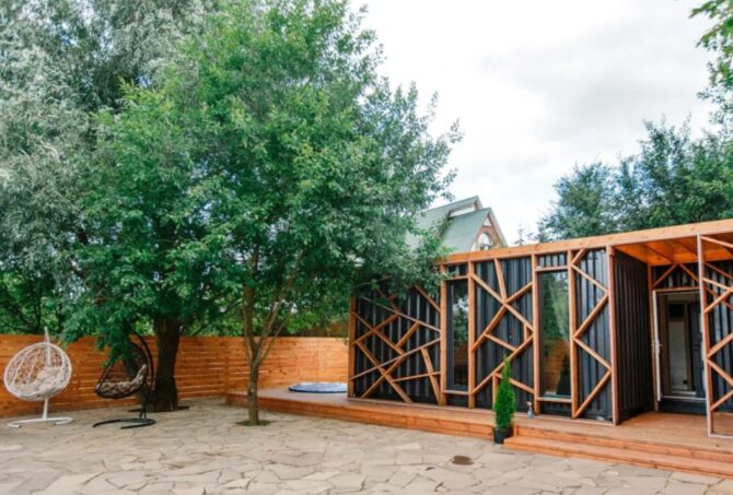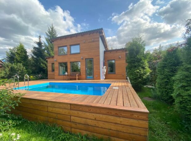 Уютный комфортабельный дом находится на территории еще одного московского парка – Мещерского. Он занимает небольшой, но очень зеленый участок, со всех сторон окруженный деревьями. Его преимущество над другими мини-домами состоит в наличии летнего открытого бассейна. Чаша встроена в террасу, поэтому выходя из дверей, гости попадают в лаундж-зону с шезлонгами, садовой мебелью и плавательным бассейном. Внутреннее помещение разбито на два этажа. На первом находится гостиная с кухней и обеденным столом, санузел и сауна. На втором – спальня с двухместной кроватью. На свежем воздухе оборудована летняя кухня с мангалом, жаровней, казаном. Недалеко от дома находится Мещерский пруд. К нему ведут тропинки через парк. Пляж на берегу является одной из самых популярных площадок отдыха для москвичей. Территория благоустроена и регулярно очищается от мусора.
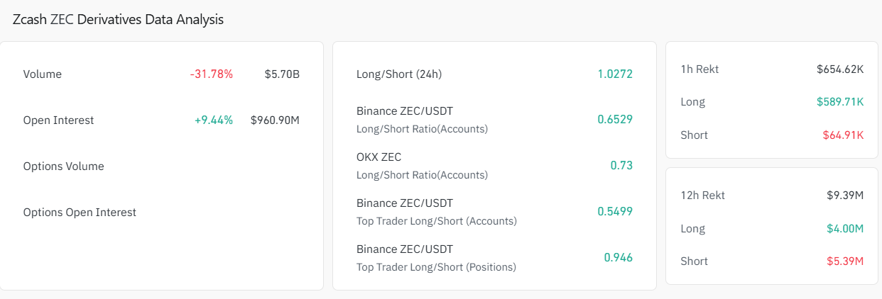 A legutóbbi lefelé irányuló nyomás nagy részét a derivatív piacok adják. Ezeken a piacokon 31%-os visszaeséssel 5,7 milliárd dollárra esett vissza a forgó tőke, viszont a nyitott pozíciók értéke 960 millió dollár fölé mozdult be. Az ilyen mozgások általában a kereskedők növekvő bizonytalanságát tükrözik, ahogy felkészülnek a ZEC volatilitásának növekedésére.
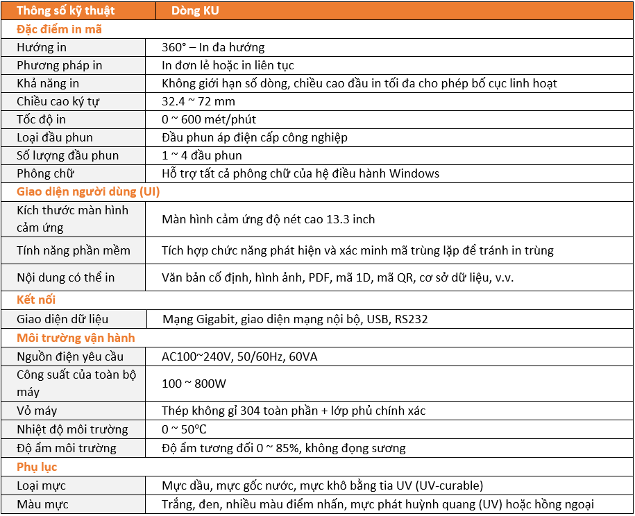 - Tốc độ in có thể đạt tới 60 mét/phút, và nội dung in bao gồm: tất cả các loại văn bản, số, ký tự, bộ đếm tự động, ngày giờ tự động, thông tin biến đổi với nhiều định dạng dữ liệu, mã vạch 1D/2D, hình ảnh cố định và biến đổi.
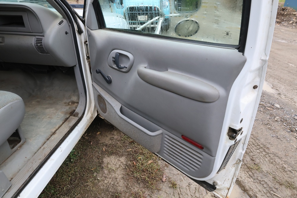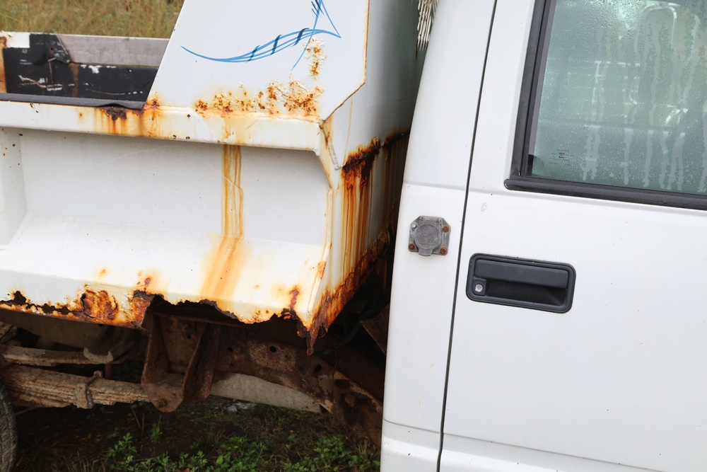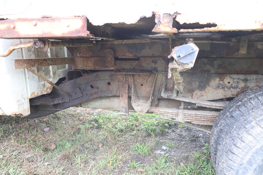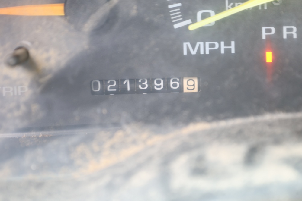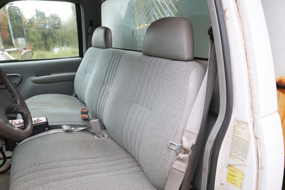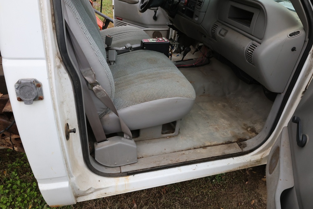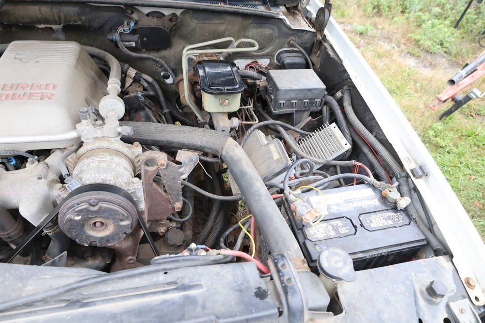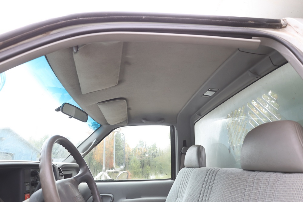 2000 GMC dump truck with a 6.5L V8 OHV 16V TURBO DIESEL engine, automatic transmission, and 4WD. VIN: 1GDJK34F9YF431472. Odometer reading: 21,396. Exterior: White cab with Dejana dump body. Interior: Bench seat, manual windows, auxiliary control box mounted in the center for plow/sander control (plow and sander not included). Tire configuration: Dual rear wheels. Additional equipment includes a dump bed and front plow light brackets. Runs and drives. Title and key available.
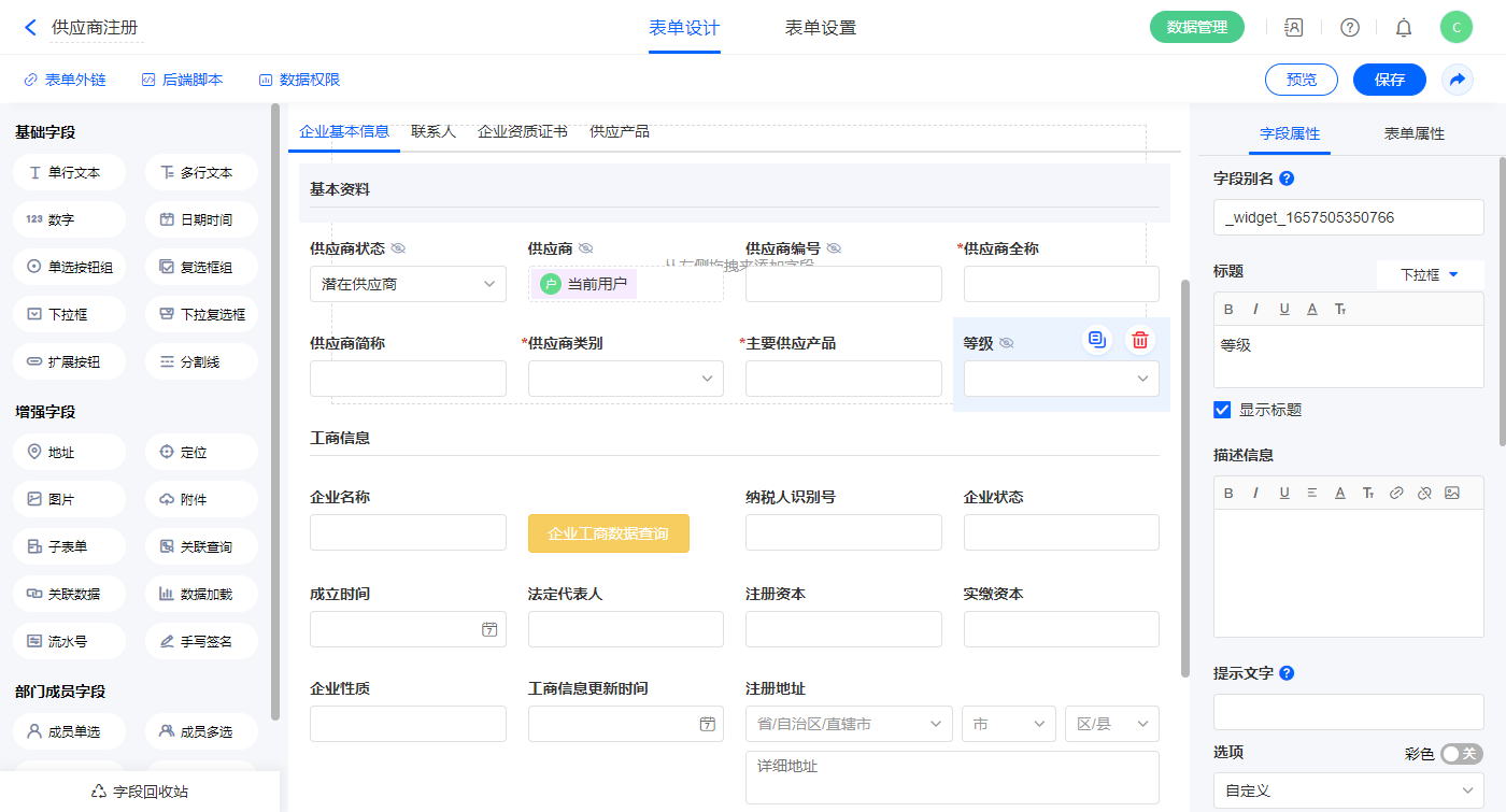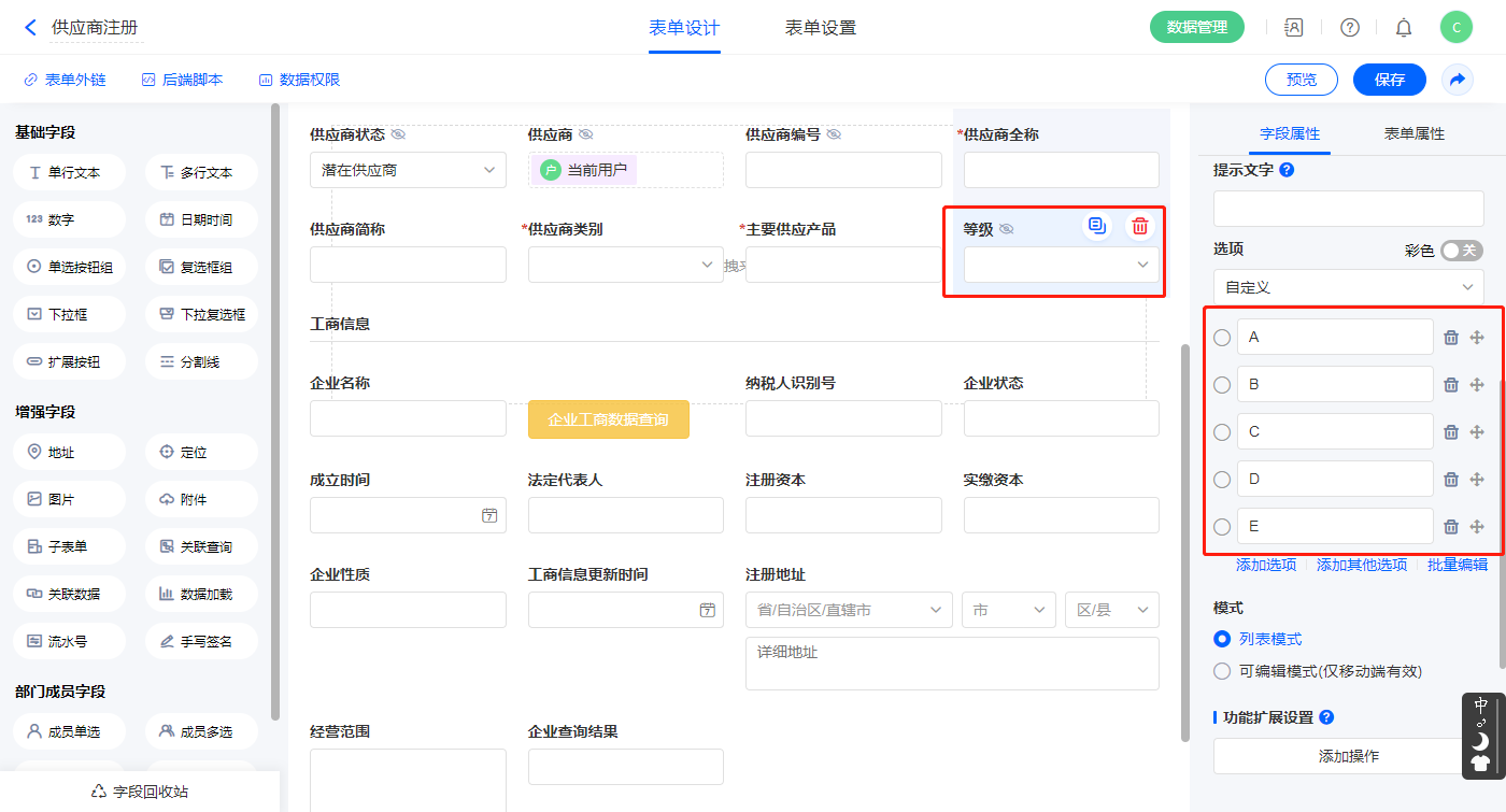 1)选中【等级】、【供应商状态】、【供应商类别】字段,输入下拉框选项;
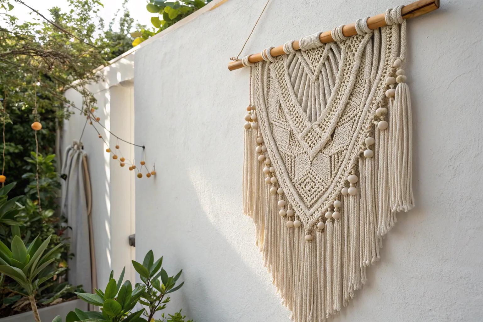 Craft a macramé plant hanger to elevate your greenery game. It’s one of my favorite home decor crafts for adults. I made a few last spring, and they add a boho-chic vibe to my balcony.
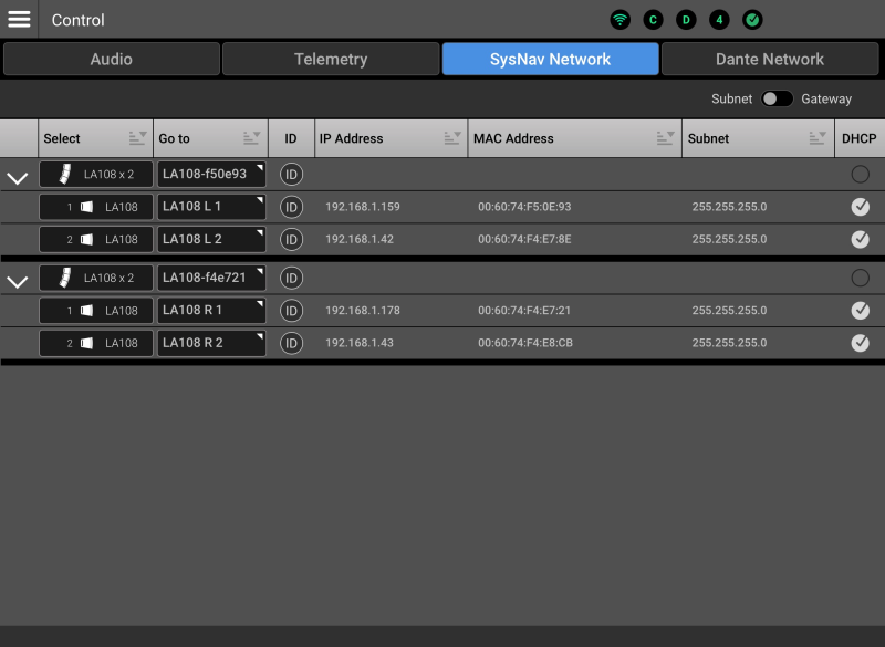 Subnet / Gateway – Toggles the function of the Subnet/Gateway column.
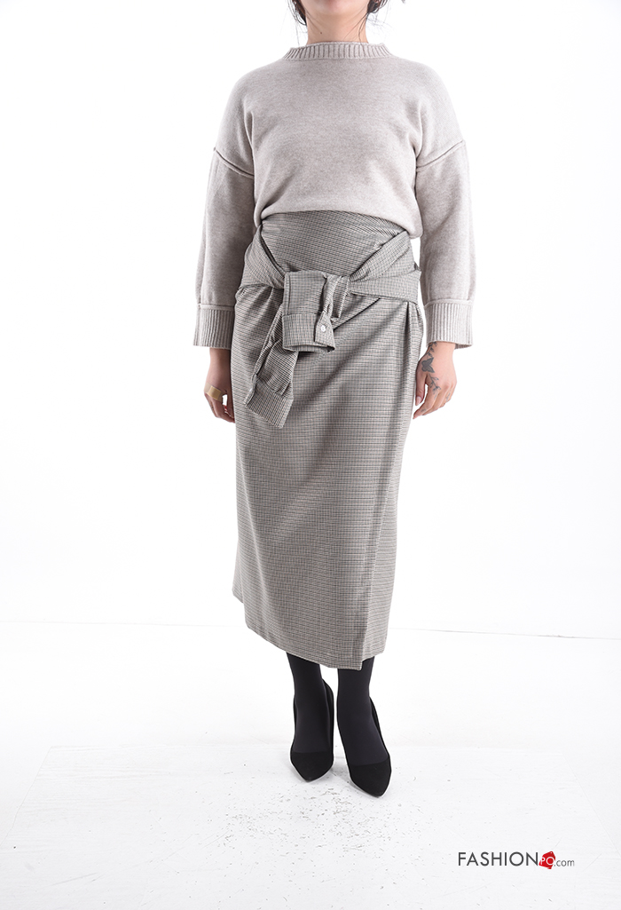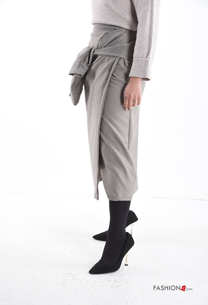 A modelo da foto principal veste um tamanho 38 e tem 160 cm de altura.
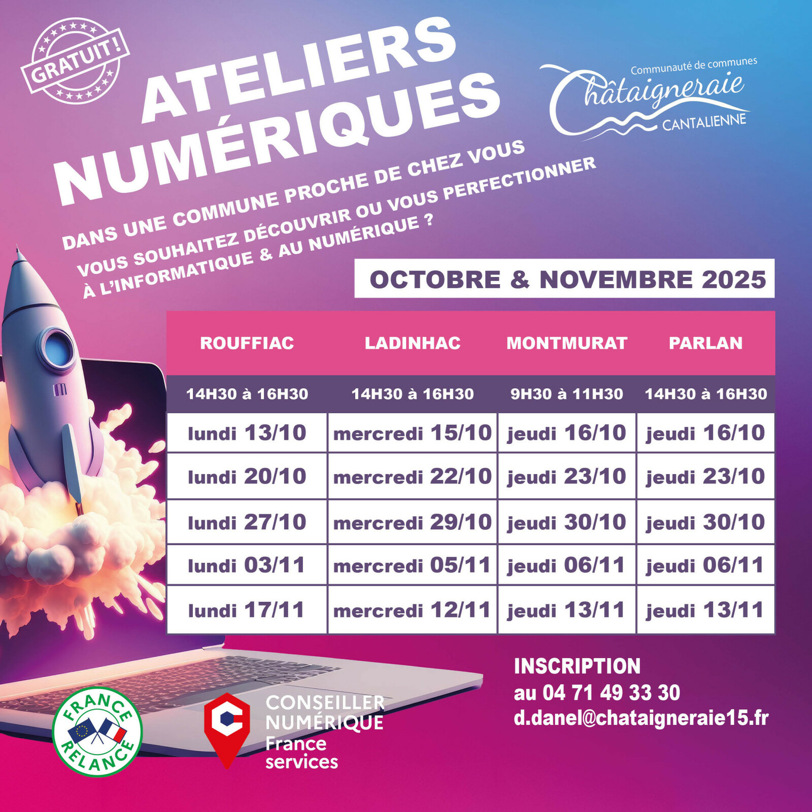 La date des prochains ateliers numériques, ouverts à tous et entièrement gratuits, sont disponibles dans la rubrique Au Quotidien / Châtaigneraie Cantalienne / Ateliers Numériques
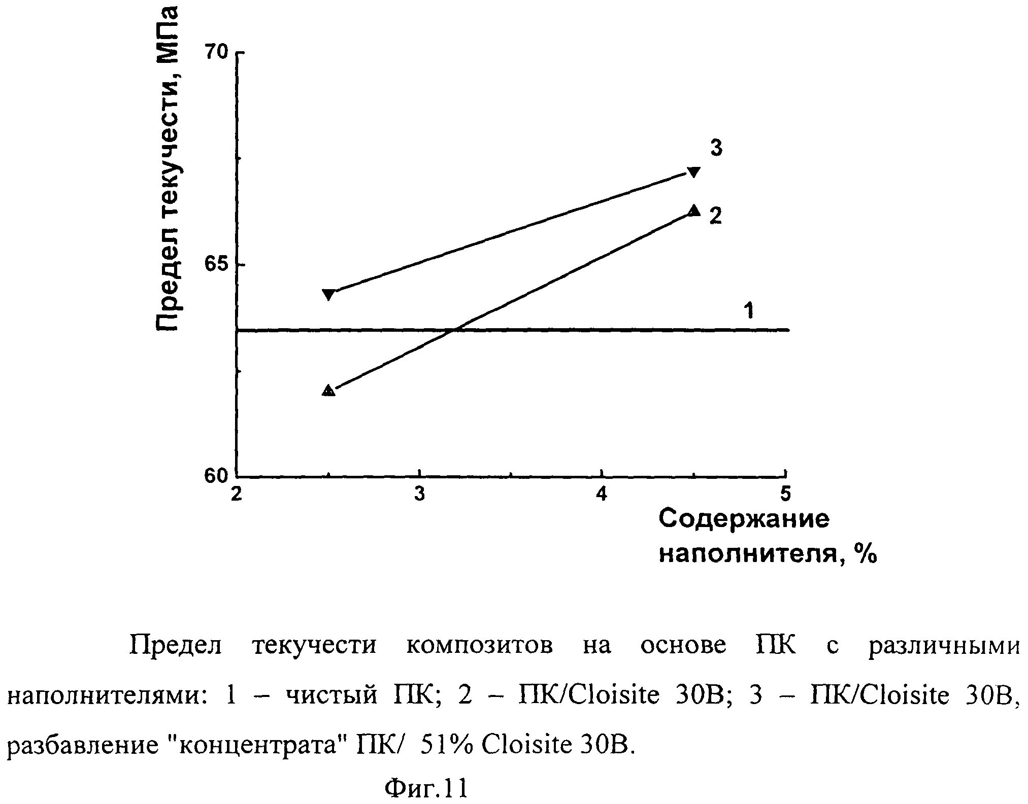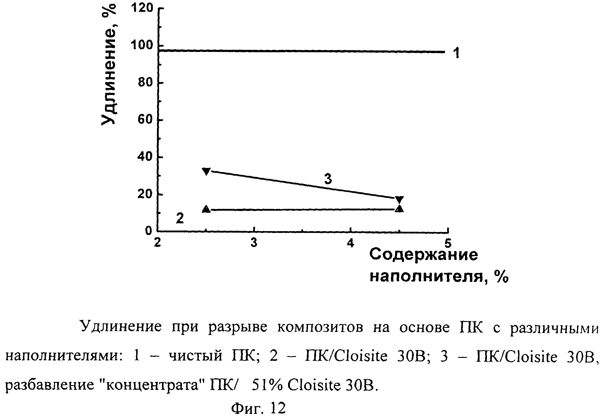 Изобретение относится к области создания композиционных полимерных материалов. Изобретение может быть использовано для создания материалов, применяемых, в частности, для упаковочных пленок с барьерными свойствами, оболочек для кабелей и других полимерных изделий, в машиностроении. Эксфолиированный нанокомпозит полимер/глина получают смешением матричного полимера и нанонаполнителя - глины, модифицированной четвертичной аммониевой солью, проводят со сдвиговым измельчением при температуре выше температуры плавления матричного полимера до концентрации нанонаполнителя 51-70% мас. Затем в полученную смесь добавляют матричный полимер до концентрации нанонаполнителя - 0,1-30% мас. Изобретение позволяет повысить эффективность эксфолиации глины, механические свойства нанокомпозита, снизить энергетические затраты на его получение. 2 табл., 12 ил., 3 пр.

= = = =

Return the full listing exactly as it appears above, without its pictures.

 Уютный комфортабельный дом находится на территории еще одного московского парка – Мещерского. Он занимает небольшой, но очень зеленый участок, со всех сторон окруженный деревьями. Его преимущество над другими мини-домами состоит в наличии летнего открытого бассейна. Чаша встроена в террасу, поэтому выходя из дверей, гости попадают в лаундж-зону с шезлонгами, садовой мебелью и плавательным бассейном. Внутреннее помещение разбито на два этажа. На первом находится гостиная с кухней и обеденным столом, санузел и сауна. На втором – спальня с двухместной кроватью. На свежем воздухе оборудована летняя кухня с мангалом, жаровней, казаном. Недалеко от дома находится Мещерский пруд. К нему ведут тропинки через парк. Пляж на берегу является одной из самых популярных площадок отдыха для москвичей. Территория благоустроена и регулярно очищается от мусора.
 A legutóbbi lefelé irányuló nyomás nagy részét a derivatív piacok adják. Ezeken a piacokon 31%-os visszaeséssel 5,7 milliárd dollárra esett vissza a forgó tőke, viszont a nyitott pozíciók értéke 960 millió dollár fölé mozdult be. Az ilyen mozgások általában a kereskedők növekvő bizonytalanságát tükrözik, ahogy felkészülnek a ZEC volatilitásának növekedésére.
 - Tốc độ in có thể đạt tới 60 mét/phút, và nội dung in bao gồm: tất cả các loại văn bản, số, ký tự, bộ đếm tự động, ngày giờ tự động, thông tin biến đổi với nhiều định dạng dữ liệu, mã vạch 1D/2D, hình ảnh cố định và biến đổi.
 2000 GMC dump truck with a 6.5L V8 OHV 16V TURBO DIESEL engine, automatic transmission, and 4WD. VIN: 1GDJK34F9YF431472. Odometer reading: 21,396. Exterior: White cab with Dejana dump body. Interior: Bench seat, manual windows, auxiliary control box mounted in the center for plow/sander control (plow and sander not included). Tire configuration: Dual rear wheels. Additional equipment includes a dump bed and front plow light brackets. Runs and drives. Title and key available.
 1)选中【等级】、【供应商状态】、【供应商类别】字段,输入下拉框选项;
 Craft a macramé plant hanger to elevate your greenery game. It’s one of my favorite home decor crafts for adults. I made a few last spring, and they add a boho-chic vibe to my balcony.
 Subnet / Gateway – Toggles the function of the Subnet/Gateway column.
 A modelo da foto principal veste um tamanho 38 e tem 160 cm de altura.
 La date des prochains ateliers numériques, ouverts à tous et entièrement gratuits, sont disponibles dans la rubrique Au Quotidien / Châtaigneraie Cantalienne / Ateliers Numériques
 Изобретение относится к области создания композиционных полимерных материалов. Изобретение может быть использовано для создания материалов, применяемых, в частности, для упаковочных пленок с барьерными свойствами, оболочек для кабелей и других полимерных изделий, в машиностроении. Эксфолиированный нанокомпозит полимер/глина получают смешением матричного полимера и нанонаполнителя - глины, модифицированной четвертичной аммониевой солью, проводят со сдвиговым измельчением при температуре выше температуры плавления матричного полимера до концентрации нанонаполнителя 51-70% мас. Затем в полученную смесь добавляют матричный полимер до концентрации нанонаполнителя - 0,1-30% мас. Изобретение позволяет повысить эффективность эксфолиации глины, механические свойства нанокомпозита, снизить энергетические затраты на его получение. 2 табл., 12 ил., 3 пр.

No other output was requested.